- Genre: Soap opera
- Created by: Dinesh Gopalsamy
- Written by: Vasagar Kaliyappan
- Directed by: Rajsekar; G. Manikanda Kumar;
- Starring: Dinesh Gopalsamy; Rachitha Mahalakshmi; Vadivukkarasi; Bharathi Mohan;
- Country of origin: India
- Original language: Tamil
- No. of seasons: 1
- No. of episodes: 218

Production
- Executive producer: K.M. Saravanan (Zee Tamil)
- Producer: Hemachandran
- Camera setup: Multi-camera
- Running time: 25-27 minutes
- Production company: Golden Moon Production

Original release
- Network: Zee Tamil
- Release: 8 July 2019 – 14 August 2020

= Nachiyarpuram =

Indian television series

Nachiyarpuram is an Indian Tamil language drama aired on Zee Tamil network and on their official ZEE5 platform.
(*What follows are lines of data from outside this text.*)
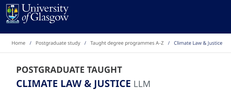 格拉斯哥大学26fall推出全新气候法与司法硕士,已开放申请!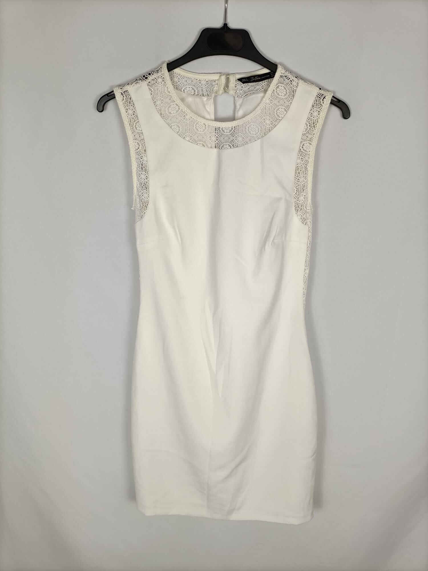 Zara.m. Vestido blanco roto ajustado y elástico con detalle de encaje. Largo 84 cm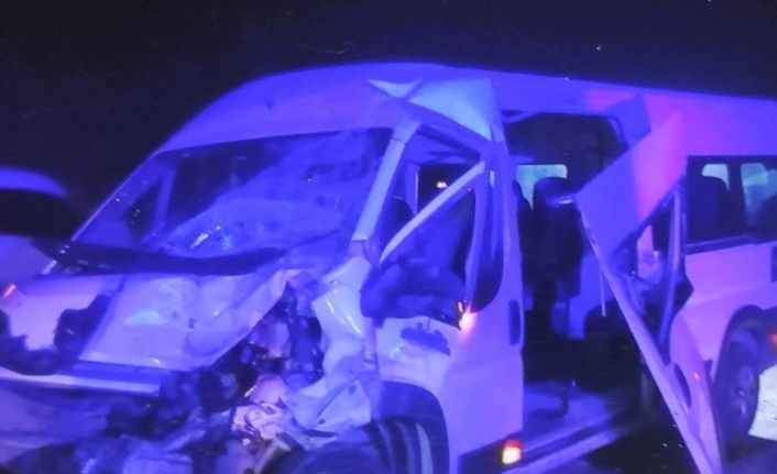 Denizli’de gece saatlerinde aynı istikamete giden saman yüklü kamyonetle işçileri taşıyan servis minibüsünün çarpışması sonucu 10 kişi yaralı olarak hastaneye kaldırıldı.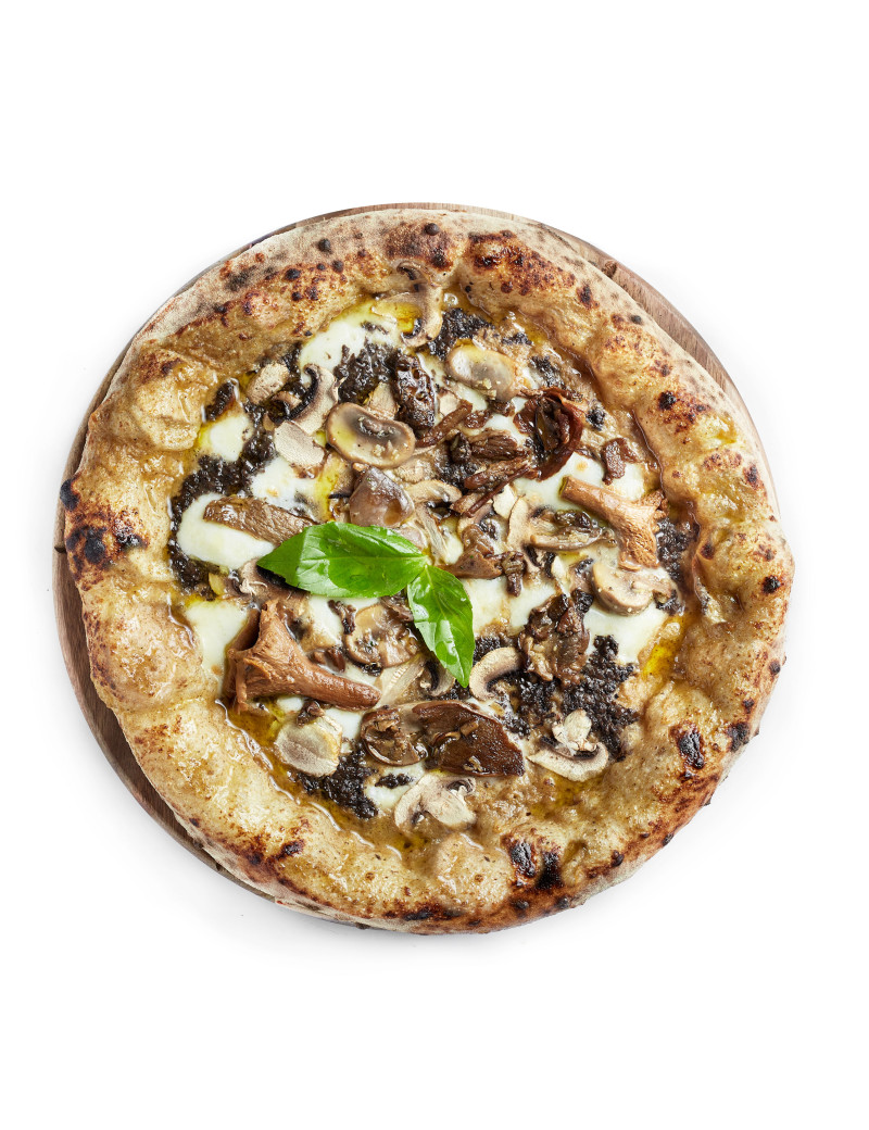 Base créme de truffe noir, mozza, champignons et parmesan.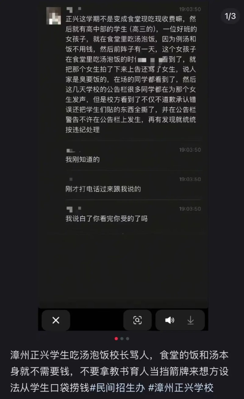 潇湘晨报消息,近日,有多名网友发帖称,在福建漳州正兴学校,一高三女生在食堂吃免费的汤泡饭被一校领导看到后,女生被校领导拍下并辱骂“臭要饭的”。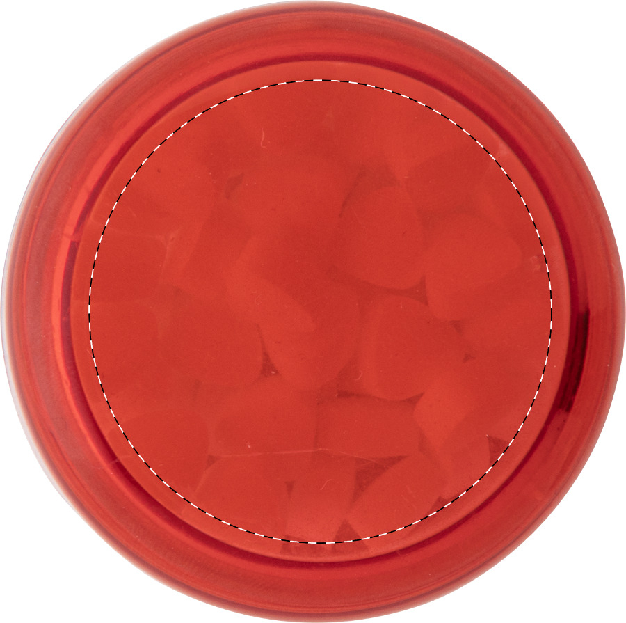 Kulatá průhledná plastová dóza s mintovými bonbóny s barevným šroubovacím víčkem. Obsahující cca. 12 gramů mentolových bonbonů bez cukru.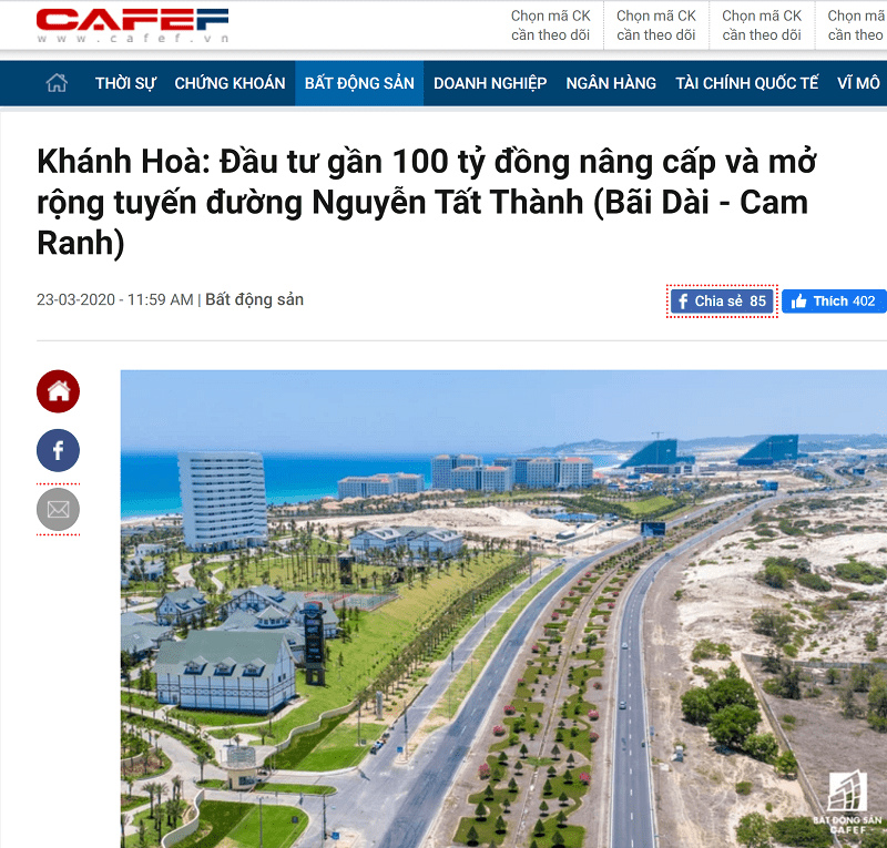 1. Quy hoạch mở rộng đường Nguyễn Tất Thành đoạn từ Sân Bay Quốc Tế Cam Ranh - Cầu Long Hồ (Qua dự án trực diện View Đầm Thủy Triều và sở hữu 1.5km đường Nguyễn Tất Thành có mặt cắt 36m, 4 làn xe) giai đoạn 2021 - 2025, Vốn đầu tư gần 100 tỷ đồng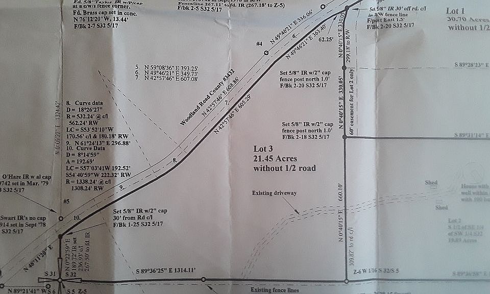 Surveyed 21.45 acres. Lot #3. Power close by, 2 wells, zoned 5 acre tracts off Woodland Rd.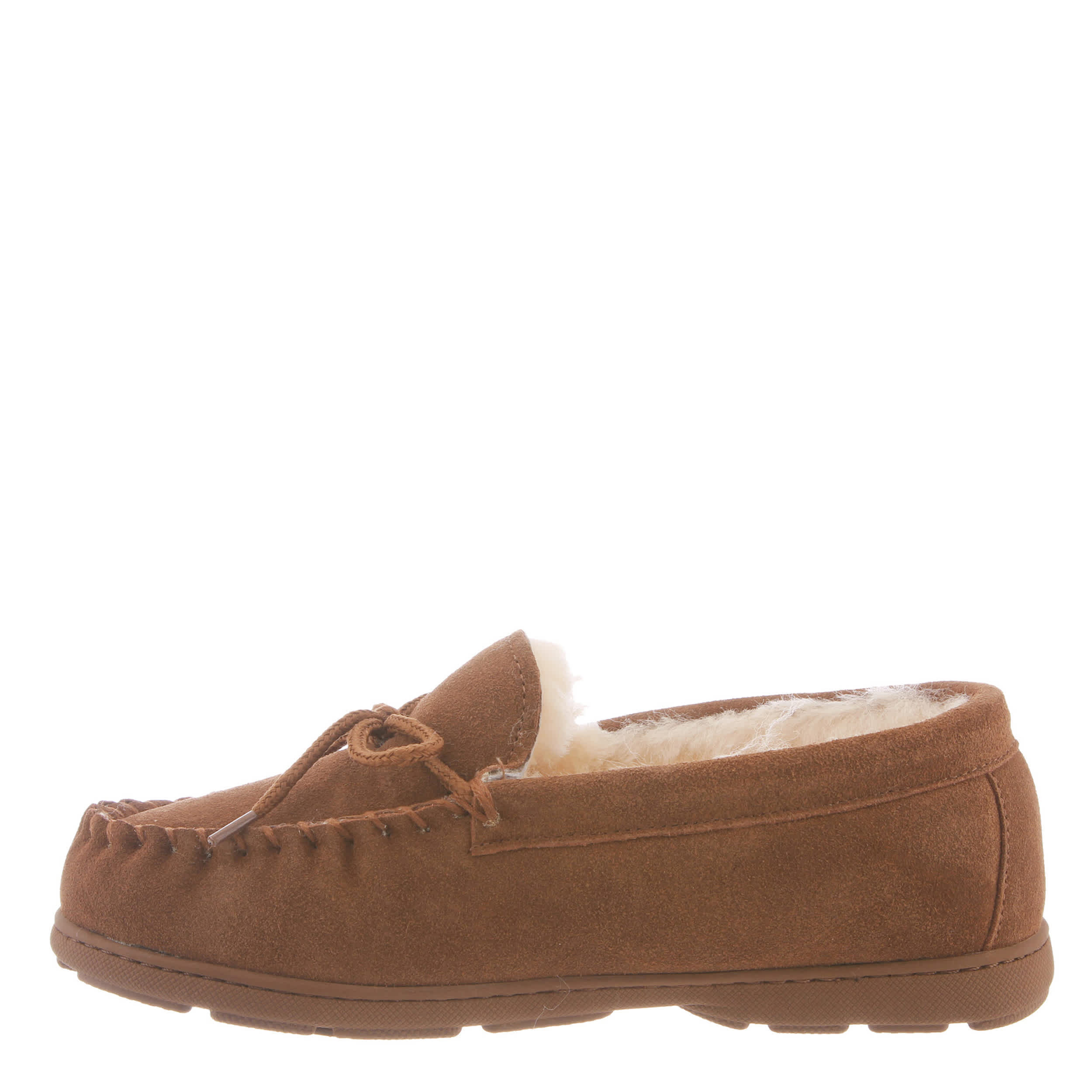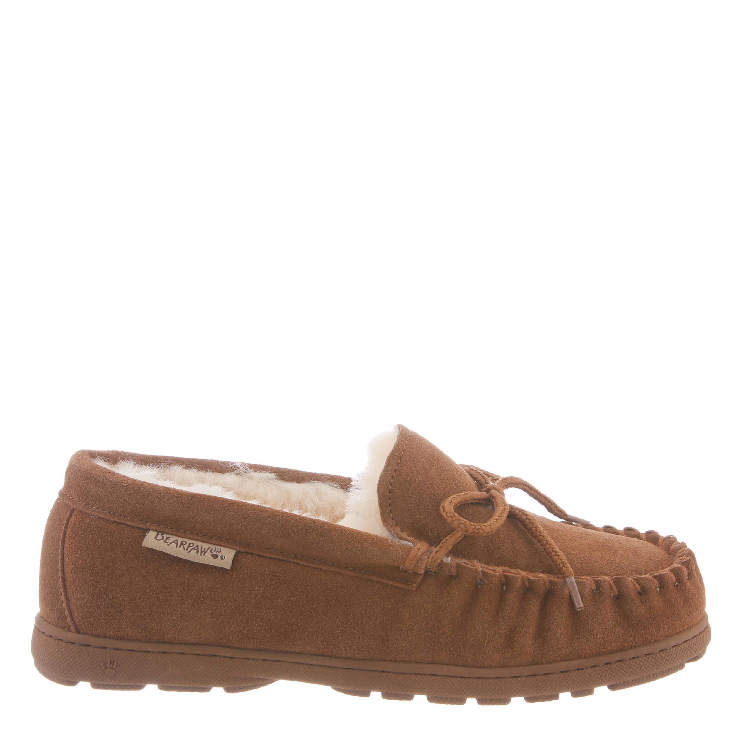 You can stop stealing your boyfriend's slippers with the Bearpaw Mindy women's slipper. With a suede upper featuring a warm faux fur lining for extra coziness, this slipper has a hand-stitched vamp and cute lace tie detail. The removable footbed comforts every step, while the molded outsole adds support and traction on errands or around the house.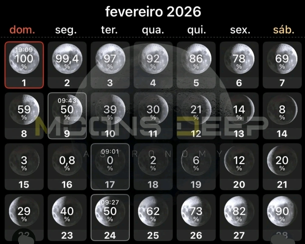 Hoje iniciamos o segundo mês do ano e com ele o calendário lunar com direito a Lua Cheia hoje! *Lua Cheia: 01/02 aproximadamente às 19:13 UTC-3 *Lua Quarto Minguante: 09/02 aprox. às 9:43 UTC-3 *Lua Nova: 17/02 aprox. às 9:01 UTC-3 *Lua Crescente: 24/02 aprox. às 9:27 UTC-3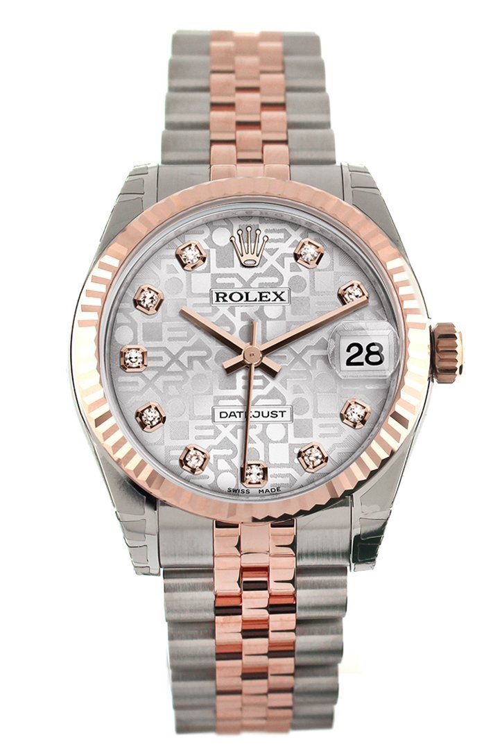 Everose gold case with a Jubilee everose gold bracelet. Fluted bezel. Silver Jubilee dial with rose gold-tone hands and Diamond hour markers. Dial Type: Analog. Date display at the 3 o'clock position. Automatic movement. 2235 engine. Scratch resistant sapphire crystal. Screw down crown. Solid case back. Case diameter: 31 mm. Round case shape. Folding oysterclasp clasp. Water resistant at 100 meters / 330 feet. Functions: date, hour, minute, second. Luxury watch style. Watch label: Swiss Made.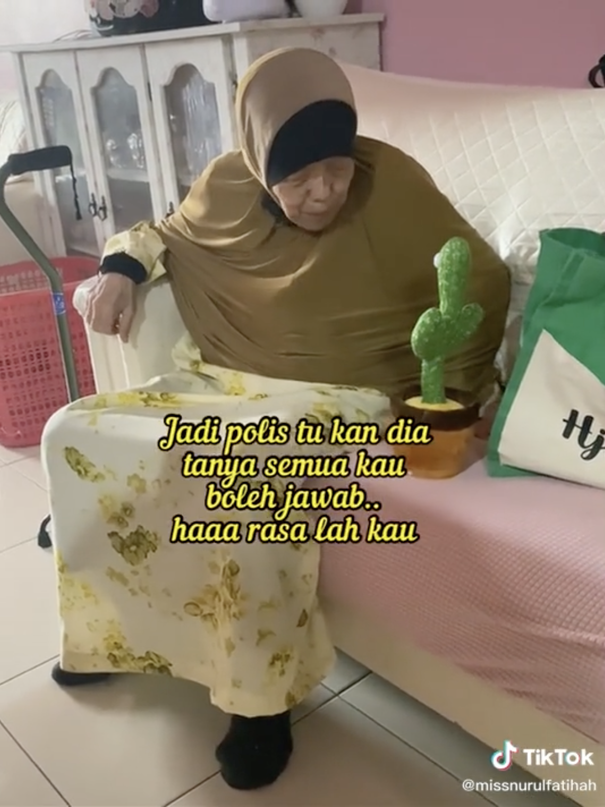 Apa yang lebih mencuri tumpuan adalah nenek itu seolah-olah seperti sedang bercakap dengan dancing cactus tersebut kerana mengajuk percakapannya.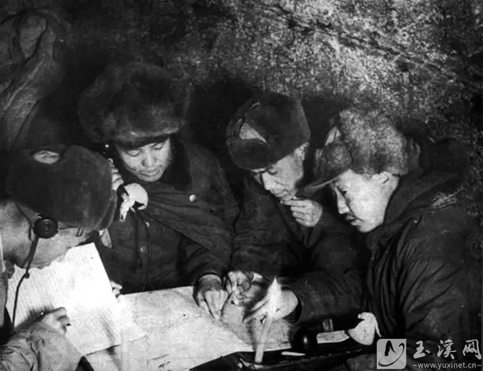 在朝鮮戰(zhàn)場團指揮所中的盧昭(左二)。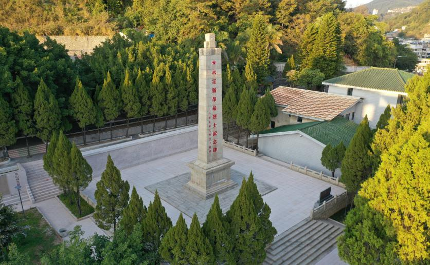 永定區革命烈士陵園紀念碑 英名墻長度約23米,高3米,刻有永定4700余名烈士名字;浮雕墻長度約23米,高3米,浮雕墻用“豐碑式”來制作;碑林墻將永定紅色故事歸納為10個板塊,每一個板塊包含2至3個故事;紀念館由“忠誠鑄豐碑”和“共和國脊梁”兩部分組成。
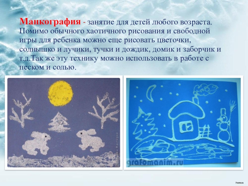 Слайд 8Манкография - занятие для детей любого возраста. Помимо обычного хаотичного рисования

It premiered on 8 July 2019 from Monday to Saturday. Then It was rescheduled from Monday to Friday. The series stars the real-life couple Rachitha Mahalakshmi and Dinesh Gopalsamy. Due COVID-19 pandemic, this series was ended with final Episode-218 on Zee Tamil.

==Synopsis==
Jyothi and Karthi, fall in love with each other. But their family were separated in past as Jyothi's aunt Jayalakshmi marries a man Natarajan against her family, she is none other than Karthi's mother. How Jyothi and Karthi marries against their families forms crux of the story.

==Casting==
Saravanan Meenatchi fame Rachitha Mahalakshmi and Poove Poochudava fame Dinesh Gopalsamy, the real life couple plays the lead roles. They both joins second time in television fiction after Pirivom Santhippom TV series. Actress Vadivukkarasi plays a negative role, where Girish, Deepa Nethran, Premi Venkat, Bharathi Mohan, Deepa Shankar, Venkat Subha, Farina and Rhema plays supporting roles.